• **Exercise brief**
All entries are to be printed again exactly, with their images omitted.

(Source records)
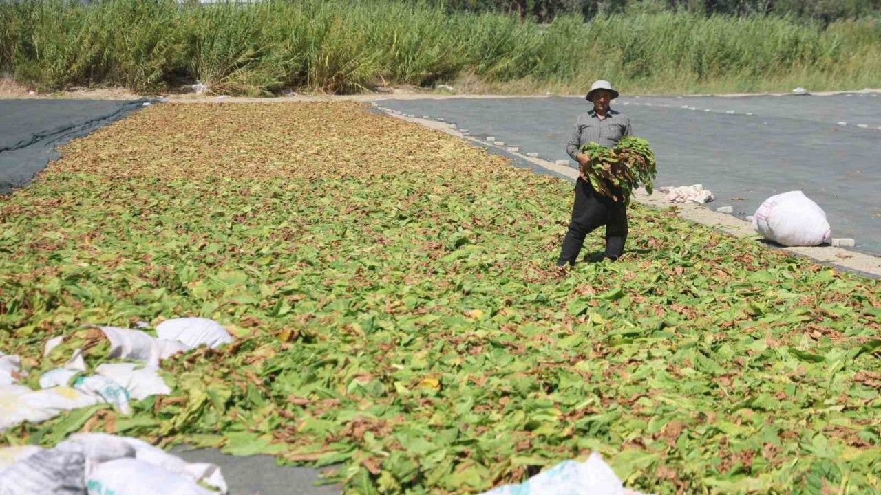 Hava sıcaklıklarının mevsim normallerinin üzerinde ilerlediği Hatay’da tütünde hasat devam ediyor. Tarlada zor şartlarda toplanan ve açık arazide kurutulmaya bırakılan tütün için çiftçilerin ve işçilerin zorlu mesaisi sürüyor. Antakya ilçesi Demirköprü Mahallesi’nde hasat edilen tütünün kurutulmaya bırakıldığı araziyse adeta renklendi. Çiftçi Cuma Yılmaz, kurutulmuş tütünün kilogram fiyatının tarladan 165 TL’den satıldığını söyledi.
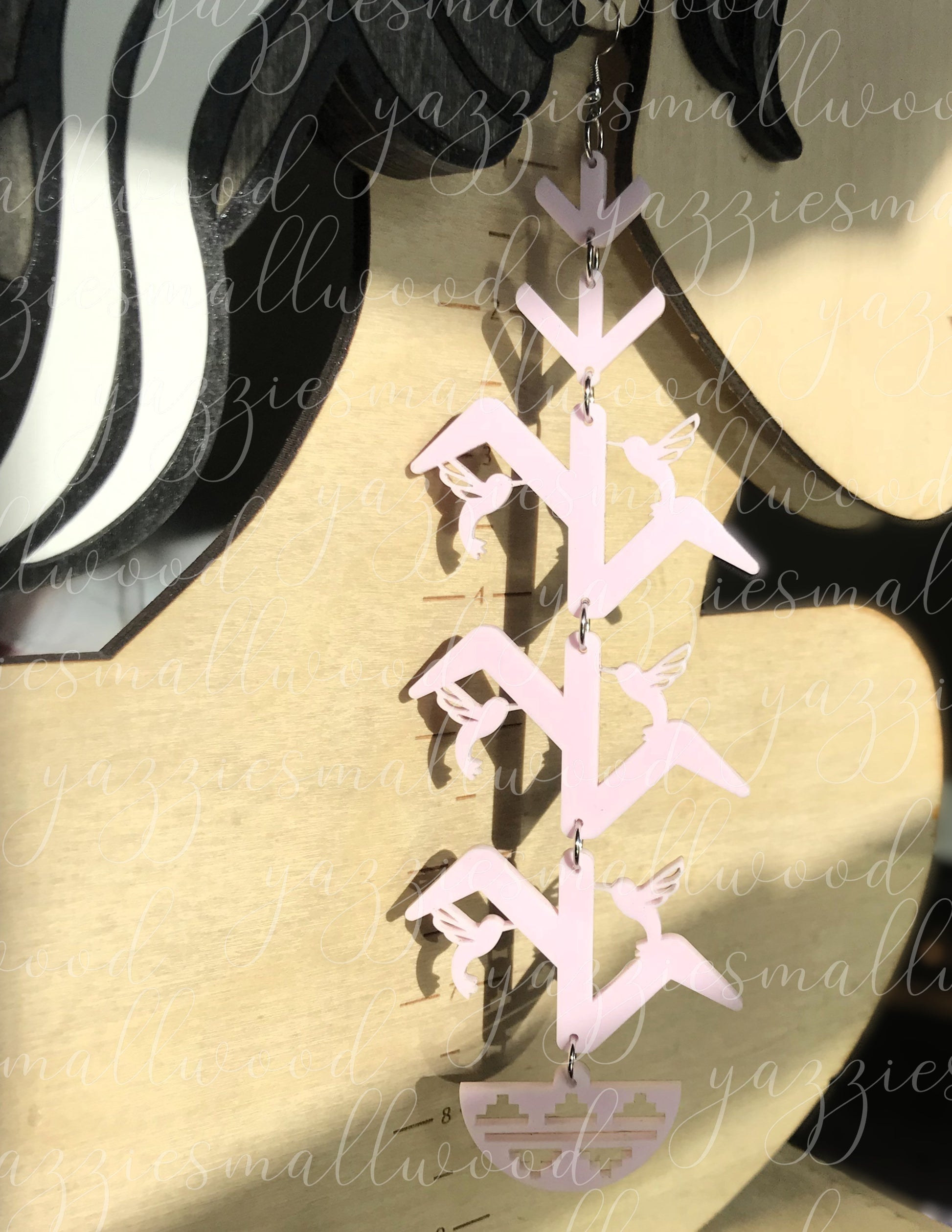 Inspired by traditional southwest native basket and rug weaving artistry, these striking XL earrings feature a Hummingbird and Tree of Life design that celebrates growth, balance, and cultural heritage. Crafted from lightweight tiered acrylic with precision laser-cut details, they make a powerful statement without weighing you down—perfect for powwows, celebrations, or everyday wear that honors your identity. The 8-inch by 2.5-inch design showcases intricate ancestral patterns in contemporary form. Secure nickel-free fishhooks and silicone stabilizers ensure all-day comfort and stability. This original patent-pending piece arrives beautifully packaged, ready to complement your colorful ribbon skirts and become a treasured part of your collection.
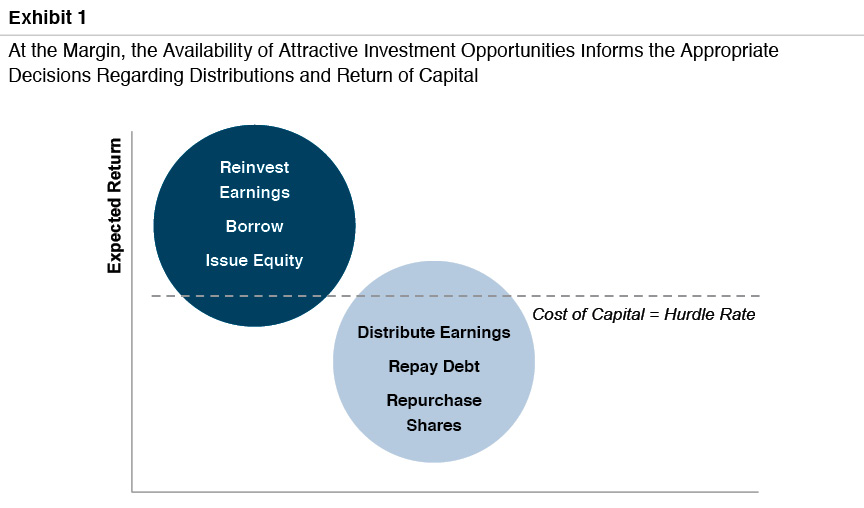 If capital projects having expected returns in excess of the cost of capital are abundant, it may be appropriate to retain a greater proportion of earnings for reinvestment than if attractive capital projects are scarce.
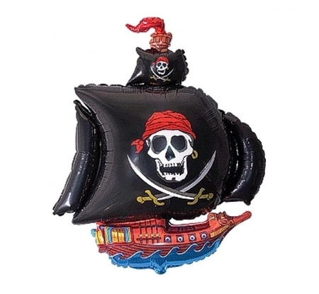 Balon foliowy 14" (mini) w kształcie statku pirackiego, kolor czarny z nadrukiem statku. Przeznaczony do napełniania powietrzem — najlepszy na urodziny tematyczne, wieczór panieński, pikniki czy jako dekoracja stołu i tła do zdjęć. Wymiary przed napompowaniem: 39 × 30 cm.
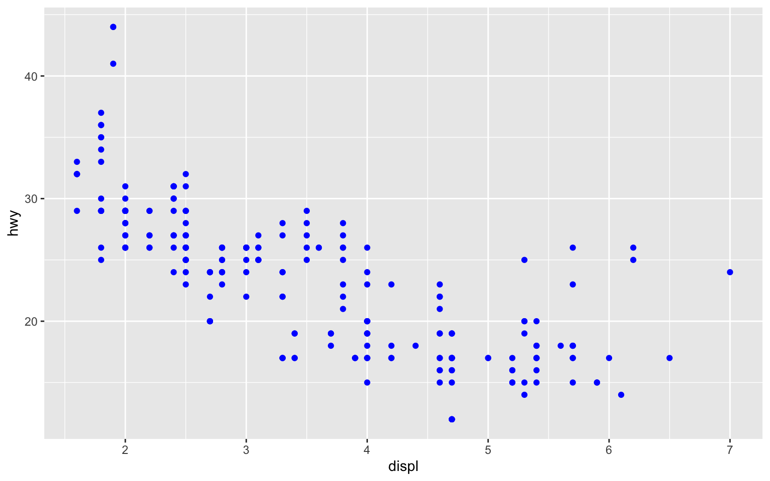 geom_point(mapping = aes(x = displ, y = hwy), color = "blue")
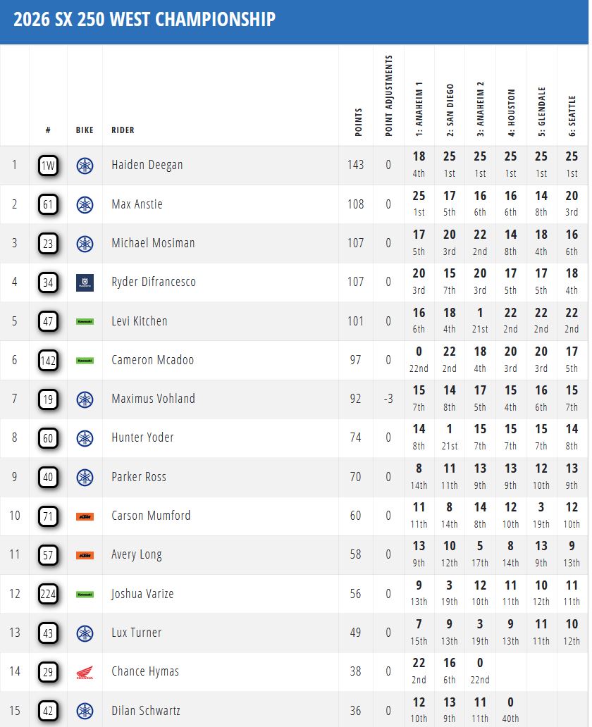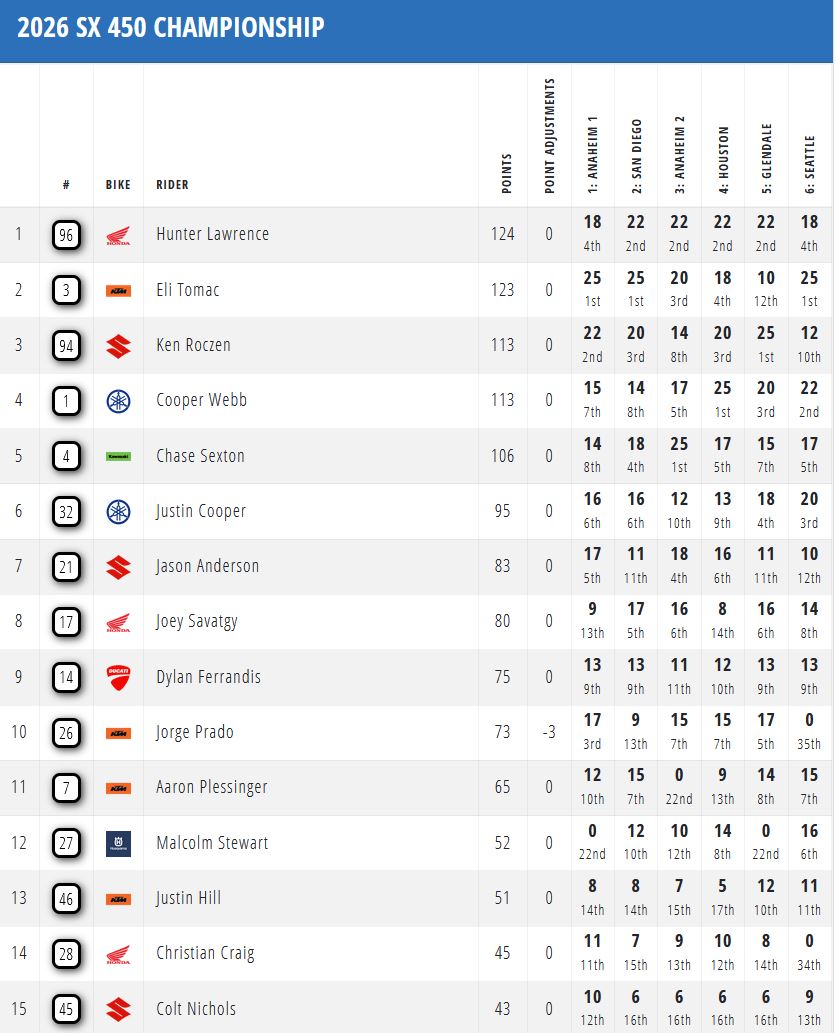 Super Bowl -mestarin, Seattle Seahawksin, kotistadion Lumen Field tarjosi kauden tähän asti tapahtumarikkaimman illan, kun 2026 Monster Energy SMX World Championshipin kuudes osakilpailu ajettiin haastavissa rataolosuhteissa. Pehmeä ja urainen alusta teki 450SMX-luokan finaalista fyysisen taistelun.
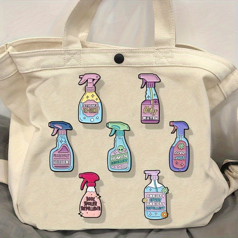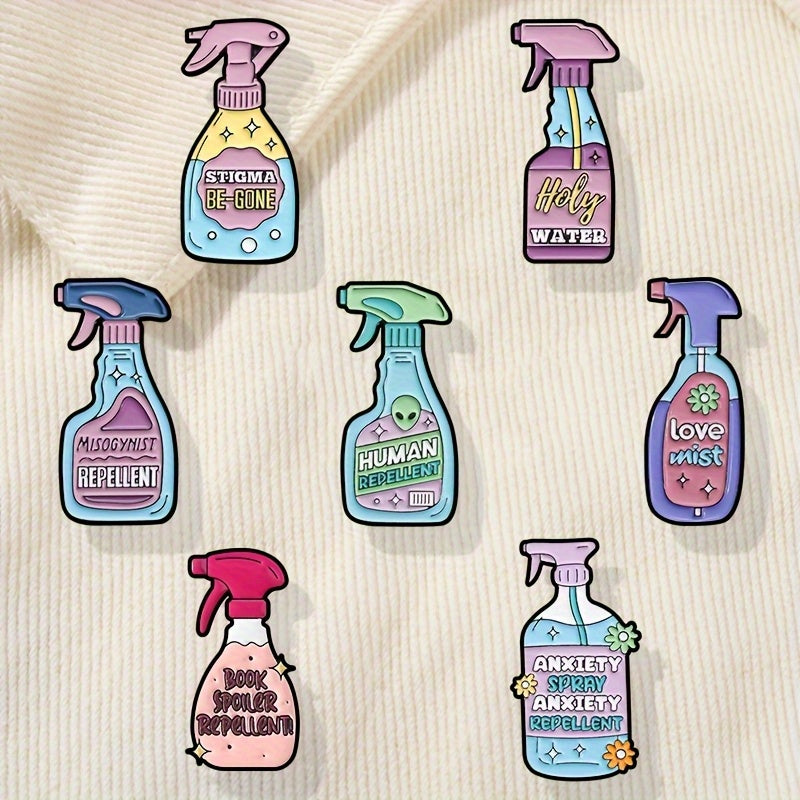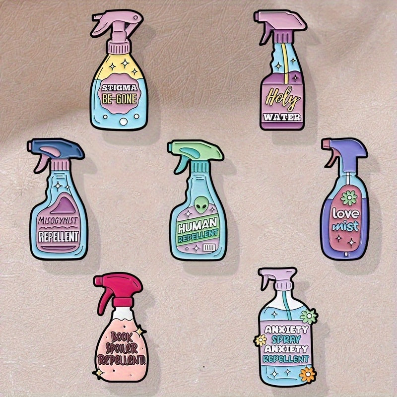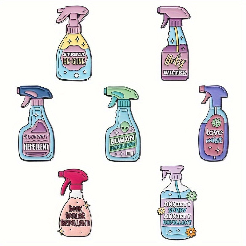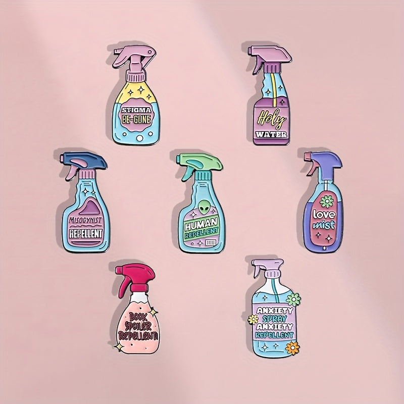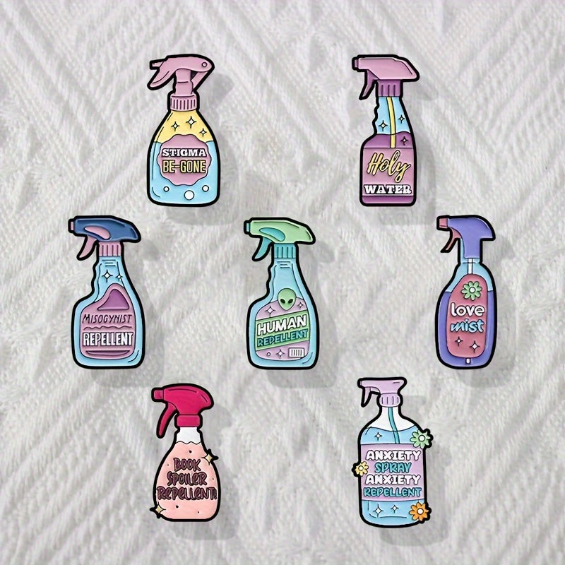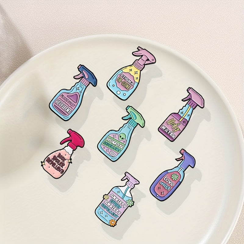 This DIY gift set includes 7 colorful acrylic brooches featuring cartoon dopamine spray bottle designs. Perfect for clothing, backpacks, hats, and more.
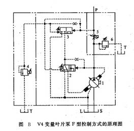 AZ560型注塑機由兩個獨立工作的注塑機和一個搭載16套模具的旋轉工作臺組成。一臺注塑機注鞋面,另一臺注塑機注鞋底。旋轉工作臺每旋轉一周就生產出16雙仿皮靴。注塑機的液壓泵采用力士樂V4變量雙聯葉片泵,其中一個為F型控制方式,另一個為C型控制方式。F型控制方式能進行流量、壓力復合控制,C型控制方式是帶手動壓力調節(jié)的恒壓控制。

• **Solution to this task**
 Hava sıcaklıklarının mevsim normallerinin üzerinde ilerlediği Hatay’da tütünde hasat devam ediyor. Tarlada zor şartlarda toplanan ve açık arazide kurutulmaya bırakılan tütün için çiftçilerin ve işçilerin zorlu mesaisi sürüyor. Antakya ilçesi Demirköprü Mahallesi’nde hasat edilen tütünün kurutulmaya bırakıldığı araziyse adeta renklendi. Çiftçi Cuma Yılmaz, kurutulmuş tütünün kilogram fiyatının tarladan 165 TL’den satıldığını söyledi.
 Inspired by traditional southwest native basket and rug weaving artistry, these striking XL earrings feature a Hummingbird and Tree of Life design that celebrates growth, balance, and cultural heritage. Crafted from lightweight tiered acrylic with precision laser-cut details, they make a powerful statement without weighing you down—perfect for powwows, celebrations, or everyday wear that honors your identity. The 8-inch by 2.5-inch design showcases intricate ancestral patterns in contemporary form. Secure nickel-free fishhooks and silicone stabilizers ensure all-day comfort and stability. This original patent-pending piece arrives beautifully packaged, ready to complement your colorful ribbon skirts and become a treasured part of your collection.
 If capital projects having expected returns in excess of the cost of capital are abundant, it may be appropriate to retain a greater proportion of earnings for reinvestment than if attractive capital projects are scarce.
 Balon foliowy 14" (mini) w kształcie statku pirackiego, kolor czarny z nadrukiem statku. Przeznaczony do napełniania powietrzem — najlepszy na urodziny tematyczne, wieczór panieński, pikniki czy jako dekoracja stołu i tła do zdjęć. Wymiary przed napompowaniem: 39 × 30 cm.
 geom_point(mapping = aes(x = displ, y = hwy), color = "blue")
 Super Bowl -mestarin, Seattle Seahawksin, kotistadion Lumen Field tarjosi kauden tähän asti tapahtumarikkaimman illan, kun 2026 Monster Energy SMX World Championshipin kuudes osakilpailu ajettiin haastavissa rataolosuhteissa. Pehmeä ja urainen alusta teki 450SMX-luokan finaalista fyysisen taistelun.
 This DIY gift set includes 7 colorful acrylic brooches featuring cartoon dopamine spray bottle designs. Perfect for clothing, backpacks, hats, and more.
 AZ560型注塑機由兩個獨立工作的注塑機和一個搭載16套模具的旋轉工作臺組成。一臺注塑機注鞋面,另一臺注塑機注鞋底。旋轉工作臺每旋轉一周就生產出16雙仿皮靴。注塑機的液壓泵采用力士樂V4變量雙聯葉片泵,其中一個為F型控制方式,另一個為C型控制方式。F型控制方式能進行流量、壓力復合控制,C型控制方式是帶手動壓力調節(jié)的恒壓控制。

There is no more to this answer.